Довбуш чтил свои и чужие обеты, это было для него высочайшим законом, свидетельством людской чистоты, он не стал убеждать Сильвестра перешагнуть этот порог. Иногда время само отметает обеты, делает их никчемными, ненужными, и тогда люди ломают их, как восковую печать.
— Ну так смотри сам, Сильвестр...
Довбуш свистнул Сивого, взял его за уздечку и двинулся к воротам.
— Когда надумаешь — дай мне знать!..
— Добре! — ответил скульптор.
— Да не забудь про женщину на скале. Я буду наведываться...
Еще раз бросил взгляд на скалу. Ветер услужливо развеял космы хмеля, женщина чуть-чуть улыбалась Олексе и мучилась ожиданием. Может, ждала его? Довбуш ощутил дрожь в теле, шум крови в ушах, такое случалось с ним, когда слушал цимбалы Великого Цимбалиста, когда слушал пенье Аннычки. Но Великий Цимбалист и Аннычка — живые люди, а здесь камень... Камень, оживший под рукой скульптора.
После того дня Мать-Смерека долго не видела Олексу Довбуша. Сгорали в прошлом дни, ночи. Незаметно подрастали ее дочери. Из-за собственных забот — ибо носились над горой, устраивая игрища, лихие бури, и громыхали, как битые горшки, громы, и припекала жара,— Мать-Смерека перестала следить за тем, что происходило в каменной ограде. Ей было довольно того, что оттуда доносились звуки ударов железа о камень, они означали, что скульптор Сильвестр живет и творит.
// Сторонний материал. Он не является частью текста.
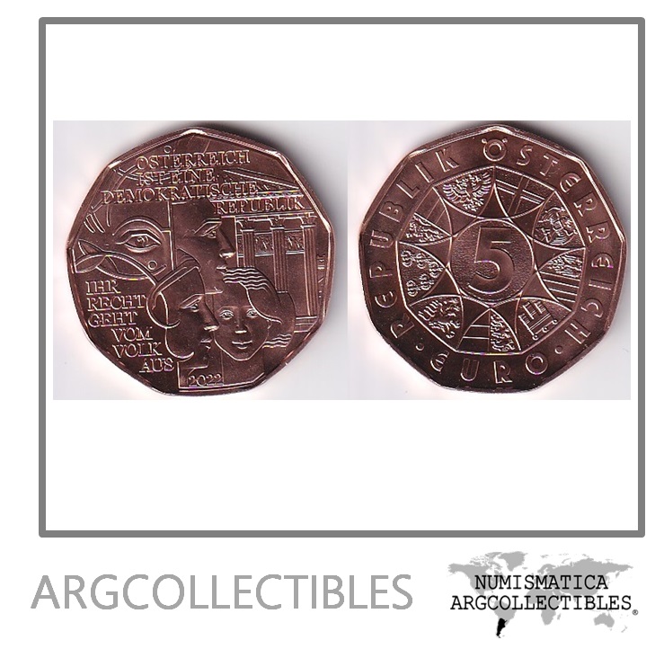 Austria Moneda 5 Euros 2022 Republica Democratica Cobre UNC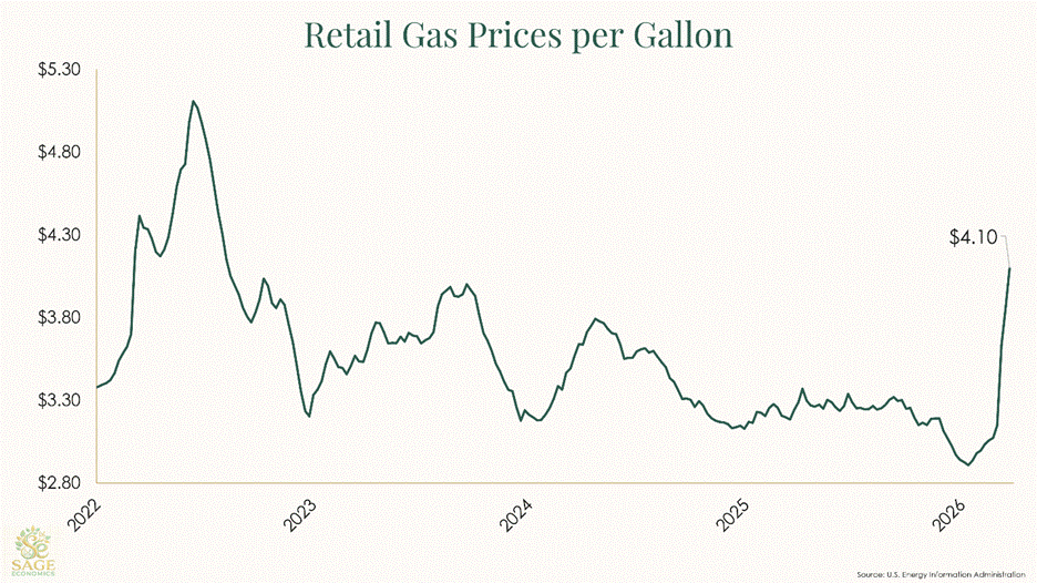 Gas prices shot up to $4.10/gallon for the week ending March 23rd. That’s up more than $1.00/gallon from late February.

Только в разгар летнего равноденствия, когда в деревьях и травах густеют, как мед, соки, Смерека опять увидела Довбуша.
— А я уже ждал, пан Олекса! — радостно встретил его молодой чернец. За лето он еще больше исхудал, старенькая ряса болталась на нем, как тряпье на пугале.
— Верно, закончил образ матерей наших? — поинтересовался Довбуш, выставляя из сумок хлеб, брынзу и вино.
— Нет. Отец завалил меня работой по уши. Не хватало времени. Кроме того, я...— скульптор замялся.— Кроме того, я работал еще над одной вещью, работал в тайне от всего света. Готовил вам дар.
Скульптор двинулся по дорожке, ведущей вниз к руслу речки Манявки, что охватывала каменный двор с южной стороны. Опришок пошел следом.
Сильвестр остановился в зарослях и стал разбрасывать кучу хвороста. По всему чувствовалось, что ему не терпится. Наконец из-под нагромождений возникла фигура каменного человека, возникла и сразу вступила в поединок с крылатым существом, была у этого существа змеиная голова, были у нее собачьи ноги, был хвост ослиный, а крылья — Черной Птахи. Человек и чудовище сошлись в яростном поединке, под ними, казалось, дрожала земля, меж ними, казалось, ярилось пламя. Но все же побеждал человек, его пальцы до хруста в суставах сдавили змеиную шею, а левая нога втаптывала в камень раздробленное, ослабевшее крыло.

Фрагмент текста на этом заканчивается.